I’ll say first that I have known the pain and discrimination of having my children barred from participating in a school’s athletic program just because I chose not to send them there. After pulling my kids out of Catholic school, but keeping them in CCD, I was told my sons would be allowed to play football — but that no other kids could play no other sports, even though other area Catholic schools allowed their CCD kids to do the same. Perhaps I should sue, or get the Illinois legislature to pass a Bob Cook Act!

Or I could do what I did, and what so many homeschool parents are loathe to do — realize that when you pull your child out of a school, you no longer have a god-given right to cherry-pick activities for them from that school. Of course, I was dealing with a private school. But I’m amazed that home-schooling parents would find the local public schools too evil or just not good enough for everyday use, yet go running to them when they realize they can’t replicate a cheerleading program at home.

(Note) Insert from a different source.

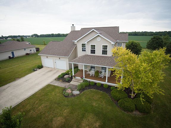 Wrap around porch. Pergo handscraped wood flooring throughout most of 1st floor. 2 story Foyer, flex use Living Rm./Den, formal Dining Rm. Lg island Kitchen w/ new stainless steel appliances & granite, open to Eating Area, w/ door to deck & Great Rm, w/ gas fireplace, flanked by built-in bookcases. 2 car Garage, with 12 x 4 bump out for workshop/storage area. 4 generous upper level bedrooms, including Owner's Ste w/ private Bath & walk-in closet. Partially finished full basement w/ Rec Rm area & storage space, lighting & epoxy floor finish. .66 acre property w/ open & fenced yard areas, perfect for kids/pets play area. No other houses behind. Deck w/ view of field & wooded area.UPDATES: 2018: stainless steel range, hood and refrigerator, master bath sink faucet, 2016: sump pump, 2013: Whirlpool energy smart 80 gal. hot water tank (w/ 11 yr. warranty), 2011: Owens Corning dimensional shingle roof w/ lifetime limited warranty, new transformer and control board (due to lightning strike) in Rheem 90+% eff. furnace, Genie garage door opener, kitchen updates (granite counters, undermount sink and faucet, dishwasher, lighting). Immaculate & move-in ready! Close to Rt.4, 23.
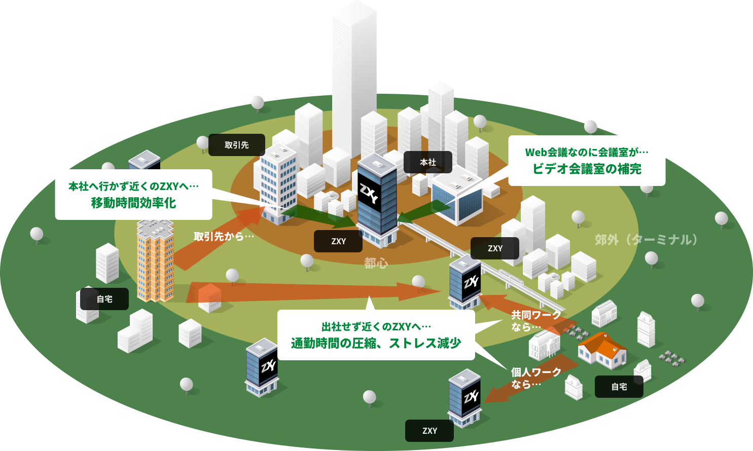 複数のワークプレイス(本社オフィス、在宅勤務、「ZXY」)を組み合わせたオフィス運用で、企業が抱える働き方に関する課題を解決します。

Homeschool parents’ argument is that they should be able to use the school because their tax money goes there. True, except that by not sending their child there, they are depriving schools state and other funding based on enrollment and daily attendance. Also, there is a question of whether home-schoolers are included in schools’ after-school activity insurance policies. Anyway, if their kids are on their way to being the Tebow of their activity, the parents might be better off paying for camps and private, elite programs, the kind college coaches watch more closely than high school games.

If the home-schoolers are going to be allowed in — and take the place of someone who goes to that school every day — they should meet strict academic requirements (which many Tebow laws dictate), and they should have to pay not only any fees charged to other kids (also a part of many of these laws), but some sort of premium to make up for the tax money not collected on their behalf and any premium for extra insurance the school requires.  Otherwise, start a homeschooler football team.

2295217857_459422e848_mOr a homeschooler band. From Flickr, a scene from a concert put on by the Minnesota Homeschool Chamber Orchestra.